Abschreckung für EU-Ausländer: Hartz IV erst nach 5 Jahren

Künftig bekommt nur mehr Hartz IV, wer schon in Deutschland gearbeitet hat
Deutschland will Zugang zu Sozialleistungen erschweren – das trifft vor allem Armutsmigranten aus Bulgarien und Rumänien.

Der Arbeiterstrich im Berliner Bezirk Wedding ist gut frequentiert. Dutzende Männer stehen vor einem Café an der Straße, sie warten auf potenzielle Auftraggeber – der Treffpunkt ist bekannt, bei den Tagelöhnern ebenso wie bei denen, die die Männer schwarz beschäftigen.

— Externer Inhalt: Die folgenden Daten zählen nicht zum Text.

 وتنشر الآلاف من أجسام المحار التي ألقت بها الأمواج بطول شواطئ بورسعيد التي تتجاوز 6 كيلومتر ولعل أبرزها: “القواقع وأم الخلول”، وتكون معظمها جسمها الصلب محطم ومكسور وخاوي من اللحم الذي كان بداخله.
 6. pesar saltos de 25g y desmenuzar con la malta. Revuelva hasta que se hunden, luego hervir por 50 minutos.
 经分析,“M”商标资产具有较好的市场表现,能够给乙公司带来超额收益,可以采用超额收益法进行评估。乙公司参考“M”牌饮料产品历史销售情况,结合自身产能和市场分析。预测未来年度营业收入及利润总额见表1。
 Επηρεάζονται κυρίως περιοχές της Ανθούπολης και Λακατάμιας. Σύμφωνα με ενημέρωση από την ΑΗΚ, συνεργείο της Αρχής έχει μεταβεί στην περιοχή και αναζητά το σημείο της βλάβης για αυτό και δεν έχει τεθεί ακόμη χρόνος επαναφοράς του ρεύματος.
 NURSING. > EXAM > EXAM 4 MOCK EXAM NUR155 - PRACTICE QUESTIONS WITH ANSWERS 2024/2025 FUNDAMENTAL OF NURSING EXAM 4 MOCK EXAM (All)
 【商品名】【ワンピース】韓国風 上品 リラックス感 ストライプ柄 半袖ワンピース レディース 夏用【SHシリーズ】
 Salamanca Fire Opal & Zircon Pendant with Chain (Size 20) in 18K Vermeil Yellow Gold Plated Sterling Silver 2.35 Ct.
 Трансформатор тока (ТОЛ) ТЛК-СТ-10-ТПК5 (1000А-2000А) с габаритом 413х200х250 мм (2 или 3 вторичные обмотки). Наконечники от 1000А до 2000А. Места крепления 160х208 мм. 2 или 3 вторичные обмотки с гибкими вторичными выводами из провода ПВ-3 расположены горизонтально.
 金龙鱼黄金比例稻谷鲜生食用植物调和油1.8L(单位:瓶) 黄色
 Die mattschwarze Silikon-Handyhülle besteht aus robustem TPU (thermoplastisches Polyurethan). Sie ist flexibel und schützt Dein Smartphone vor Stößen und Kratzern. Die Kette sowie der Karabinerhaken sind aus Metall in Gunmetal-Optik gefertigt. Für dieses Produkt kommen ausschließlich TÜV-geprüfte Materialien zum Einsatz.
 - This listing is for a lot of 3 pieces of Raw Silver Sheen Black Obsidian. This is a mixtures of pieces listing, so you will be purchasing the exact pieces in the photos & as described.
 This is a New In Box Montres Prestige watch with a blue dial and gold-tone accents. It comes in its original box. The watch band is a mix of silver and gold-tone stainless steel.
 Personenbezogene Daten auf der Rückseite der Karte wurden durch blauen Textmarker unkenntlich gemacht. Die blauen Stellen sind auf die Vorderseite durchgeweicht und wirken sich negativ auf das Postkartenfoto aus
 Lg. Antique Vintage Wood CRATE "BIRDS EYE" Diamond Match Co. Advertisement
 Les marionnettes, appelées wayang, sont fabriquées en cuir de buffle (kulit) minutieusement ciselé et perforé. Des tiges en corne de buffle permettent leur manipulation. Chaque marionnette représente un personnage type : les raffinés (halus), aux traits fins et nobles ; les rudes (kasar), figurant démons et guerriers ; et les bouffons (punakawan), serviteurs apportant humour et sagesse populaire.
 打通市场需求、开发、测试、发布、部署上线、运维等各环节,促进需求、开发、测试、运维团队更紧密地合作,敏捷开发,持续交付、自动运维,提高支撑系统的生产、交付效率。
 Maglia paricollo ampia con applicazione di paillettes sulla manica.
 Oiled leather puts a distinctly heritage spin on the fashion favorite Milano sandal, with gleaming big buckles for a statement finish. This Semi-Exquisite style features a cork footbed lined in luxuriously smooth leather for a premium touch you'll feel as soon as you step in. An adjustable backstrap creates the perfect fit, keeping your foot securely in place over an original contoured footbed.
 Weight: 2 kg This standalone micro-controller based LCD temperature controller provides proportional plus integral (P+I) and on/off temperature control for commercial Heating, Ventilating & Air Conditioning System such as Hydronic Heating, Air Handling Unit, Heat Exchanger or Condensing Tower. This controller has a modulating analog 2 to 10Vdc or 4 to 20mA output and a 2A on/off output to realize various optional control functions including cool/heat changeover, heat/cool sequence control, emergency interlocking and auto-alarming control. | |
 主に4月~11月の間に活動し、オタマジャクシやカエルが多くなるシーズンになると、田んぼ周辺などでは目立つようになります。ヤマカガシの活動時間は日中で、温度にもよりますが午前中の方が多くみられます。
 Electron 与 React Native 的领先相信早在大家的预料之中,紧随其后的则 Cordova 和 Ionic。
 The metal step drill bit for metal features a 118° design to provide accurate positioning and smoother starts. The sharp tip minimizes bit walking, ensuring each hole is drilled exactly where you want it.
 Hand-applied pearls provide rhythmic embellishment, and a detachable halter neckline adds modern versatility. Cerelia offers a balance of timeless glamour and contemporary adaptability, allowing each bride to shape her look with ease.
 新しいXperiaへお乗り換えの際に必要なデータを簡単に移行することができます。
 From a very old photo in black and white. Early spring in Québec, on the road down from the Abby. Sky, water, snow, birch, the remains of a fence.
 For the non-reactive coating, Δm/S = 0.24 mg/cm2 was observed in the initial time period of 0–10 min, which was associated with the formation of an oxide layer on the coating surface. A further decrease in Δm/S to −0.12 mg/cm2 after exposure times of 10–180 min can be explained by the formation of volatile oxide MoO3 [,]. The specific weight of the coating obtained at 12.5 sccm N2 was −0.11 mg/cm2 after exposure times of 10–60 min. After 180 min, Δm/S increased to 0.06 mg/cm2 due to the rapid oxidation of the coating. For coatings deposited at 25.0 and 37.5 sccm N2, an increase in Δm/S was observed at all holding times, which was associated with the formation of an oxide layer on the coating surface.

Die Arbeitswilligen, die dort stehen, sind keine Flüchtlinge – sie sind EU-Bürger, die in der Hoffnung auf Geld und Arbeit nach Deutschland kamen. Weil aber beides oft nicht vorhanden ist, beziehen sie meist Sozialleistungen. Wer sechs Monate in Deutschland lebt, hat laut geltender Rechtslage Anspruch auf Sozialhilfe.

Langes Warten

Dieser "Fehlanreiz", wie Arbeitsministerin Andrea Nahles (SPD) ihn nennt, soll nun bald der Vergangenheit angehören. Laut einem neuen Gesetz sollen EU-Ausländer künftig nur mehr Zugang zu Hartz IV oder Sozialhilfe haben, wenn sie legal arbeiten oder bereits Ansprüche aus der Sozialversicherung erworben haben. Wer noch nie in Deutschland gearbeitet hat, muss künftig lange warten, bis er Geld vom Staat erhält – und zwar fünf Jahre.

Grund dafür ist die Angst davor, dass die Zuwanderung von Armutsmigranten Löcher in die staatlichen Kassen reißt. Die Gemeinden, die für die Auszahlung zuständig sind, registrieren nämlich seit dem vergangenen Jahr einen deutlichen Anstieg an Hartz-IV-Empfängern aus dem EU-Ausland; 2015 stieg deren Zahl um 17 Prozent. Besonders auffällig waren dabei zwei Herkunftsländer: Von den knapp 440.000 EU-Ausländern, die derzeit staatliche Unterstützung erhalten, stammen laut dem Institut für Arbeitsmarkt- und Berufsforschung 126.000 aus Bulgarien und Rumänien – Tendenz steigend.

Organisierter Betrug

Einen anderen dunklen Fleck im System hat man mit der Neuregelung aber nicht getilgt. Zuletzt stieg auch die Zahl der "Hartz-IV-Aufstocker" aus dem EU-Ausland stark an – das sind Menschen, die zwar einen Job haben, der aber nicht zum Leben reicht; sie haben auch in Zukunft Anspruch auf Leistungen. Dabei steht aber oft ein Betrugsmodell mit Arbeitssklaven im Hintergrund, wie das ARD-Magazin Report aus Mainz nun gezeigt hat. Immer öfter werden Menschen aus Bulgarien und Rumänien unter dem Vorwand eines 40-Stunden-Jobs nach Deutschland gelockt; sie werden trotz Vollzeit-Tätigkeit aber nur auf Mini-Job-Basis für 450 Euro beschäftigt – und umgehend von ihren "Vermittlern" zum Sozialamt geschickt.

Für all jene, die künftig ganz aus dem System fallen, will man aber zumindest Überbrückungsleistungen einführen. Vier Wochen lang sollen alle Kosten der Grundsicherung abgedeckt werden. Zudem bietet man Darlehen für die Rückreise an.